Bernard wäre fast vom Stuhl gefallen, verschluckte sich an einem Pommes frites und konnte sich erst wieder langsam fassen, als ihm Isabelle liebevoll auf den Rücken klopfte. «Aber du kennst mich ja noch gar nicht richtig. Du weisst auch nicht wo und was ich arbeite», stammelte Bernard unbeholfen. «Doch», erwidert Isabelle. «Ich denke sehr wohl, dass ich dich kenne, so wie du bist, und dass ich dich richtig einschätzen kann. Ich liebe dich, und der Rest ist mir egal.» Zärtlich legte sie die Hand auf die seine, und der weitere Verlauf des Tages und des Abends soll ihr Geheimnis bleiben.

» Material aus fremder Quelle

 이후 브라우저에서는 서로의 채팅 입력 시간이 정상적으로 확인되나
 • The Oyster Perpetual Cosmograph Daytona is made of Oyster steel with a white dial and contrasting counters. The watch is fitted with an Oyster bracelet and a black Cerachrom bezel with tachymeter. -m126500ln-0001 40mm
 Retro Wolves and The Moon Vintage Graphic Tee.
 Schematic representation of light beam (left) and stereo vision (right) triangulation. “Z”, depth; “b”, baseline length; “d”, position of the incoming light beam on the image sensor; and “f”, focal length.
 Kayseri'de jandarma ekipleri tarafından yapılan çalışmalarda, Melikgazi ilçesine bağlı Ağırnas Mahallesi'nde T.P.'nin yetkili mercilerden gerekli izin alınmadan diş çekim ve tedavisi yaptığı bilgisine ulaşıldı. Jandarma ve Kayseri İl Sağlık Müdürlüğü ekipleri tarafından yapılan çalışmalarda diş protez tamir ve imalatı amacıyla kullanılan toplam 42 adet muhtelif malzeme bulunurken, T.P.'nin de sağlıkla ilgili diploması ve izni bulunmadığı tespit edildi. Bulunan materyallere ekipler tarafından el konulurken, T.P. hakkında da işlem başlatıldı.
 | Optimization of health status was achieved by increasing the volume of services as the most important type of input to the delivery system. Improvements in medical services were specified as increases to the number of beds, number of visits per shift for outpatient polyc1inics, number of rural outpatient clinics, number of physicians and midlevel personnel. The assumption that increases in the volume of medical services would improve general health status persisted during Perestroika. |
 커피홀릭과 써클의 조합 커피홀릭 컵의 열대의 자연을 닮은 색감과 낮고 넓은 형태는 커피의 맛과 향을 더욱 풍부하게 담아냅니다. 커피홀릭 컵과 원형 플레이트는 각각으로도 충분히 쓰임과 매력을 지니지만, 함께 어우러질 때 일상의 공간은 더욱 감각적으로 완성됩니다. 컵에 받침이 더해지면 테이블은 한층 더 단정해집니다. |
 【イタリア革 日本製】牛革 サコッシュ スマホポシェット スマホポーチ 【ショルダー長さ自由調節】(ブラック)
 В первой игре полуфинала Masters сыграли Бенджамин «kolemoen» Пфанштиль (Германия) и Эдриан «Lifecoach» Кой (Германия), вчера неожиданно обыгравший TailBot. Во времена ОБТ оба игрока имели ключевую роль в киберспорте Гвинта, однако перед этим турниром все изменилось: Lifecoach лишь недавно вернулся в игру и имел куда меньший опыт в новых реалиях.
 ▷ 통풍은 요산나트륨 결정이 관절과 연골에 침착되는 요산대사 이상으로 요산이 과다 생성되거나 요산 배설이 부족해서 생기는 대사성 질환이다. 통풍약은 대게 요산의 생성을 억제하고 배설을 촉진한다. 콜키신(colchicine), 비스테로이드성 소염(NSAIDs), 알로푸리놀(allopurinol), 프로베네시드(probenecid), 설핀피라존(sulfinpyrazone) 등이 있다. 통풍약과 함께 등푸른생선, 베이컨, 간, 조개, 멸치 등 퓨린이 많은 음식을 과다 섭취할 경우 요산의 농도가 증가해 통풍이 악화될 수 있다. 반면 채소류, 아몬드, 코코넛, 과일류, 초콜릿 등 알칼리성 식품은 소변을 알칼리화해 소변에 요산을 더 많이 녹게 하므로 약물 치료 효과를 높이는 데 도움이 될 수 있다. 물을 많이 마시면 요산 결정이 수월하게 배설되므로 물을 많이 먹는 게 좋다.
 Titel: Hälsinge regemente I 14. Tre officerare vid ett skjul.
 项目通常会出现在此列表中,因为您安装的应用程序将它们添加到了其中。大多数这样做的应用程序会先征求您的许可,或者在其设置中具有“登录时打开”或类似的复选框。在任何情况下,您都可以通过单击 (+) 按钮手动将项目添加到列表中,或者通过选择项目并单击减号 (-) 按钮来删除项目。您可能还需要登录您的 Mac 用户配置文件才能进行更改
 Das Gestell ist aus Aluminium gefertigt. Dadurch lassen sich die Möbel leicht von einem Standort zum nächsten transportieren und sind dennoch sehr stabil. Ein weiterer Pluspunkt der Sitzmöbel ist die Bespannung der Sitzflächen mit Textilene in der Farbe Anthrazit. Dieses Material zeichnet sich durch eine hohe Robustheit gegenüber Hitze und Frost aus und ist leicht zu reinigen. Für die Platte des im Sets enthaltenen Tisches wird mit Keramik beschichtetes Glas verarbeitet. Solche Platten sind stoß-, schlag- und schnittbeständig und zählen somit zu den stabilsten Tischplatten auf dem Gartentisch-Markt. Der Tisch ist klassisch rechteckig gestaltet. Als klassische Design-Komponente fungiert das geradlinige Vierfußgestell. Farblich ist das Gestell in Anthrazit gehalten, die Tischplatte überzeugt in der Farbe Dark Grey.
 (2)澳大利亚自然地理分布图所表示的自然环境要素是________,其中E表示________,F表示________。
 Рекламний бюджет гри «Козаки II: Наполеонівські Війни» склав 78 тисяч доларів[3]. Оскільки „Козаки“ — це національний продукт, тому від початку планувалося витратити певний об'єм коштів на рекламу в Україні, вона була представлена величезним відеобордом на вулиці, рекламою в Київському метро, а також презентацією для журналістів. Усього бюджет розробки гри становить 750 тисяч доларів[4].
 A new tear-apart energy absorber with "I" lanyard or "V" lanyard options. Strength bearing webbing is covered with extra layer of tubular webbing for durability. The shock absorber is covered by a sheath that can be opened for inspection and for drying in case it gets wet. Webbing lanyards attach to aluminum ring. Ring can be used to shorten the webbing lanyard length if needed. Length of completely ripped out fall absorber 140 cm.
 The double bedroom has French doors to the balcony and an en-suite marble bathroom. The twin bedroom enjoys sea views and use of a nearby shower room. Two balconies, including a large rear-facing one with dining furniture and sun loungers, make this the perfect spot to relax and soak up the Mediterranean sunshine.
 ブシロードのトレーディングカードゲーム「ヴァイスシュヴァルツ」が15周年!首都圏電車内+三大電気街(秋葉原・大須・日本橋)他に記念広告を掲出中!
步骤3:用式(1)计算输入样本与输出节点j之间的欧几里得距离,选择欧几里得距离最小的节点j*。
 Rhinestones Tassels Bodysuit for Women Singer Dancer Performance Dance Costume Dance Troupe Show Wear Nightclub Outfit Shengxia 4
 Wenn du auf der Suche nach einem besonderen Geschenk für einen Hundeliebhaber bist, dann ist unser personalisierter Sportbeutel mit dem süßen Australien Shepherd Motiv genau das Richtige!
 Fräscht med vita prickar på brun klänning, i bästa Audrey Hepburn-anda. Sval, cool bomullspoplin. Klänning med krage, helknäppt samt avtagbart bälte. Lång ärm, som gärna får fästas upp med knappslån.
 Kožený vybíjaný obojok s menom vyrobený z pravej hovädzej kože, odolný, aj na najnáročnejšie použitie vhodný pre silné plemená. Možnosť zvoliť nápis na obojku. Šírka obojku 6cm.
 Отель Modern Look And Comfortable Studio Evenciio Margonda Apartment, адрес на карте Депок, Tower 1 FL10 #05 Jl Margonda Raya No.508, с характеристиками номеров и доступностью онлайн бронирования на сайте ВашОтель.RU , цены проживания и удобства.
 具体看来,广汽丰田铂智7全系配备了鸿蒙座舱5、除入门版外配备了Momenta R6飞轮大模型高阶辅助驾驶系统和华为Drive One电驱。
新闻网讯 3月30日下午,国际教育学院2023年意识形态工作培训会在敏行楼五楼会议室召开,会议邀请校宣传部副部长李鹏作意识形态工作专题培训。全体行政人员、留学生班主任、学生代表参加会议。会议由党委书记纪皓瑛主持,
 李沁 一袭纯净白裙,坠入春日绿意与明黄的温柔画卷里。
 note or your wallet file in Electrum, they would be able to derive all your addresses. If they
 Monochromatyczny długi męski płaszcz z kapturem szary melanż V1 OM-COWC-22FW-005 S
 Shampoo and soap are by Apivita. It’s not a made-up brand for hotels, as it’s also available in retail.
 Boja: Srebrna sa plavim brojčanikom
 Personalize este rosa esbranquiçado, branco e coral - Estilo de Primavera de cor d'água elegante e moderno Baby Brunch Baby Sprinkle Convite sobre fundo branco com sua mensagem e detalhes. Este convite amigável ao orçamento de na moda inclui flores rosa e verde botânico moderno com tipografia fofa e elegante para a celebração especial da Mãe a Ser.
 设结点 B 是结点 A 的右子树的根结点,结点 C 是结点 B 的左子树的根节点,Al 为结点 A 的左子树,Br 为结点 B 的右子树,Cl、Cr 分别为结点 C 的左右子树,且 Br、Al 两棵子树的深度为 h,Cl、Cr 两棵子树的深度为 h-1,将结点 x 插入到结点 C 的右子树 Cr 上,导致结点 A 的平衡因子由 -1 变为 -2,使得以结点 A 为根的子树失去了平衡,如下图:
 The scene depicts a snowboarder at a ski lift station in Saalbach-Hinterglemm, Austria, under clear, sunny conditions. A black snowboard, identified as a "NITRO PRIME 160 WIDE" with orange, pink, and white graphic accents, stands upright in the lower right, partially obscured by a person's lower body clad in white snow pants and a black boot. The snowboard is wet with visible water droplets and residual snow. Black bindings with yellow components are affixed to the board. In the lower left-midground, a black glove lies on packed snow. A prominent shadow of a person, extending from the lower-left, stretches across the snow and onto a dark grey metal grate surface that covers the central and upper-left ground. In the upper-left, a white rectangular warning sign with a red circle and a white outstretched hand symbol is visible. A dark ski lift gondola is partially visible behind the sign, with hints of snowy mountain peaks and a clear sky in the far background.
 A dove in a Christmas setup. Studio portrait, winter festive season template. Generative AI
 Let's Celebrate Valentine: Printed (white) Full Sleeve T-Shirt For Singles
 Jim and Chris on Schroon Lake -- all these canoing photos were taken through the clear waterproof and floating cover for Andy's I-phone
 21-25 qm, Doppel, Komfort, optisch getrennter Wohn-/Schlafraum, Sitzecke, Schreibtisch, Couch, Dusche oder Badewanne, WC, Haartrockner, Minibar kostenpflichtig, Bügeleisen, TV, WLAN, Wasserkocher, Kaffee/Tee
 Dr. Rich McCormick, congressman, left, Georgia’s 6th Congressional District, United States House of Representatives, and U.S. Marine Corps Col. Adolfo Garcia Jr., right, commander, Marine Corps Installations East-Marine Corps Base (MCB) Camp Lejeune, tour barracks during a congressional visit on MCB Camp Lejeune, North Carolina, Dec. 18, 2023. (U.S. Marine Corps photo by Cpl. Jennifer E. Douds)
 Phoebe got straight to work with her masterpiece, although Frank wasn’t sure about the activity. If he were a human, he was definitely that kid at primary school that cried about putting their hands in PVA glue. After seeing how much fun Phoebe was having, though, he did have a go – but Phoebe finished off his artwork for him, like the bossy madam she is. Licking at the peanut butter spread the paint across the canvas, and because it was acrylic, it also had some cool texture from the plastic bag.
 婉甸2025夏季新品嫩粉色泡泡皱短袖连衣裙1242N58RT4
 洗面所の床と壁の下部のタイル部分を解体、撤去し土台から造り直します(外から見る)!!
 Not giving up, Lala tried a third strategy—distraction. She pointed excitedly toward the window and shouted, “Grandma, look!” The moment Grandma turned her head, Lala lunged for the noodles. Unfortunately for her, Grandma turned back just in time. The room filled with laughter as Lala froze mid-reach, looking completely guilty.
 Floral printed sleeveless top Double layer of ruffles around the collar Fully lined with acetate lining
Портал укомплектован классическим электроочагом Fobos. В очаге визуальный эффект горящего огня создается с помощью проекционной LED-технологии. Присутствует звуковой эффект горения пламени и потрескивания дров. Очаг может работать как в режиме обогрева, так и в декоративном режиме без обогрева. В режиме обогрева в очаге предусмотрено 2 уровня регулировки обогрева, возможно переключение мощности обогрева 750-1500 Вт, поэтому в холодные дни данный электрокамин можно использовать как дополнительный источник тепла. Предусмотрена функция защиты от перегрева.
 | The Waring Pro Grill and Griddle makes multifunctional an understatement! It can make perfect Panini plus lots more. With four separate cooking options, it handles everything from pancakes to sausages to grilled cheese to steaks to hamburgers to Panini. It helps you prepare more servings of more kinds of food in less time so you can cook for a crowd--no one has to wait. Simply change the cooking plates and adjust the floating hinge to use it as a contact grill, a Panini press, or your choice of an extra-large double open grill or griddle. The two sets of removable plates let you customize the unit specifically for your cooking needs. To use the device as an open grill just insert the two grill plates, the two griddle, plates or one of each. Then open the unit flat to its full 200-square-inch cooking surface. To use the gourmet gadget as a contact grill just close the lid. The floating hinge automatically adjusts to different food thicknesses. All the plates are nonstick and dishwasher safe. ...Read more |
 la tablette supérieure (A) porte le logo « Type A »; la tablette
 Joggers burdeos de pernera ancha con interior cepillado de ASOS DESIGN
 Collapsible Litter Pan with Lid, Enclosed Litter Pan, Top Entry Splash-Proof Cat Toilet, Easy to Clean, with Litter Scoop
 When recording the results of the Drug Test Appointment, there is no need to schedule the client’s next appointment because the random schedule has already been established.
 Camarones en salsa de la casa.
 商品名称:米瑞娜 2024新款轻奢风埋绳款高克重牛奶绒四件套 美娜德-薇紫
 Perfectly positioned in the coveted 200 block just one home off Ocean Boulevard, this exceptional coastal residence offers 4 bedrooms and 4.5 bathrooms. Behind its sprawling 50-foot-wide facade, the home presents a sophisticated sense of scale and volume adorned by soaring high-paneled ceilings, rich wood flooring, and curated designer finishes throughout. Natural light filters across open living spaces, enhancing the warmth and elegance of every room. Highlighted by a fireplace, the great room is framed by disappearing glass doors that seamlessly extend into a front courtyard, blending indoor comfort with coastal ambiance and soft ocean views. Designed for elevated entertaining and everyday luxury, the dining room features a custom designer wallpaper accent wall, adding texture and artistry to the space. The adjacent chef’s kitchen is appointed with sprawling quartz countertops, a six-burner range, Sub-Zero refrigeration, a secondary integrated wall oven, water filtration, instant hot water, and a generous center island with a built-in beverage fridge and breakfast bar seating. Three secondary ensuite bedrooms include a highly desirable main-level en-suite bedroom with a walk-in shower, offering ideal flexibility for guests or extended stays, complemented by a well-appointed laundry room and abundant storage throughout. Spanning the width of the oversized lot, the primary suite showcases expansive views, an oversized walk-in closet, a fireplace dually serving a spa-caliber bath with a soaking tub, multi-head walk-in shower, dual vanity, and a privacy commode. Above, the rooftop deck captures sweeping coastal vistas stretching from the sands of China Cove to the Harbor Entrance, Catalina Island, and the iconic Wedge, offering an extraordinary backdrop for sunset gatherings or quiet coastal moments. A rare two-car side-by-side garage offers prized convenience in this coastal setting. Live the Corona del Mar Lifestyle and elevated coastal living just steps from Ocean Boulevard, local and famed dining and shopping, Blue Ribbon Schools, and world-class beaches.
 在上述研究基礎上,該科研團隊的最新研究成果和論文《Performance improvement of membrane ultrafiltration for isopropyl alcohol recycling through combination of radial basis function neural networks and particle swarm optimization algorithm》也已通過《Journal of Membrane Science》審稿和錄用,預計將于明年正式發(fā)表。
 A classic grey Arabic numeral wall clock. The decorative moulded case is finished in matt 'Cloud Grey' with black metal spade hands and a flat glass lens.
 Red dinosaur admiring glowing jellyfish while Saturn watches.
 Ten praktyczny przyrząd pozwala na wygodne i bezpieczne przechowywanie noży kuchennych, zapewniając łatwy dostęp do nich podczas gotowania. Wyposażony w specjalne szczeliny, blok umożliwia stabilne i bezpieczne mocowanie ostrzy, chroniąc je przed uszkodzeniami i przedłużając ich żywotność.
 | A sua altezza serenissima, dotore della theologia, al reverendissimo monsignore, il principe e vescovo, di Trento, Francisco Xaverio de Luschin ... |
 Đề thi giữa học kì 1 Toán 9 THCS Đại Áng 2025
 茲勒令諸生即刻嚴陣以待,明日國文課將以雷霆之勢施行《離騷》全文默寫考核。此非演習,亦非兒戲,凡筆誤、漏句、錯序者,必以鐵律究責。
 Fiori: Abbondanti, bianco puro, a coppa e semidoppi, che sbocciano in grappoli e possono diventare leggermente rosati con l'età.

So kam es, wie es kommen musste. Wenige Wochen später wurde aus Mademoiselle Bertrand Madame Picard. Isabelle und Bernard heiraten in Arles, natürlich im Restaurant ihrer Mutter. Es war ein wunderschönes Fest, und wie auf wundersame Art und Weise verstanden sich die beiden Familien, Picard und Bertrand, auf Anhieb bestens.
Das Ehepaar Bernard und Isabelle musste schon bald wieder weiterziehen: Bernard wurde in die Aquitaine in der Nähe von Bordeaux versetzt. Dort sollte das Ehepaar auch eine Weile bleiben. Schon im Verlauf des ersten Jahres kam zusätzliches Leben in den Ehealltag: Michelle, die ältere Tochter der beiden erblickte das Licht der Welt. Zwei Jahre später gesellte sich Danielle dazu. – Von nun weg war klar, wer das Sagen hatte. Die beiden Mädchen verstanden es von Kindsbeinen an, ihre Eltern um den Finger zu wickeln und sich in der Familie durchzusetzen. Heute sind beide, Michelle und Danielle, erwachsen und wunderschön anzusehen: die eine gross und blond, die andere etwas kleiner und brünett, beide mit vollem langem Haar, ihrer Mutter Isabelle wie aus dem Gesicht geschnitten.
Aber nicht nur die äussere Erscheinung der beiden lässt keinen Zweifel offen, wer die Mutter ist. Auch im Charakter sind sie ihrer Mutter sehr ähnlich: offen, natürlich, spontan und äusserst herzlich. Bernard könnte sich keine liebevollere Familie wünschen.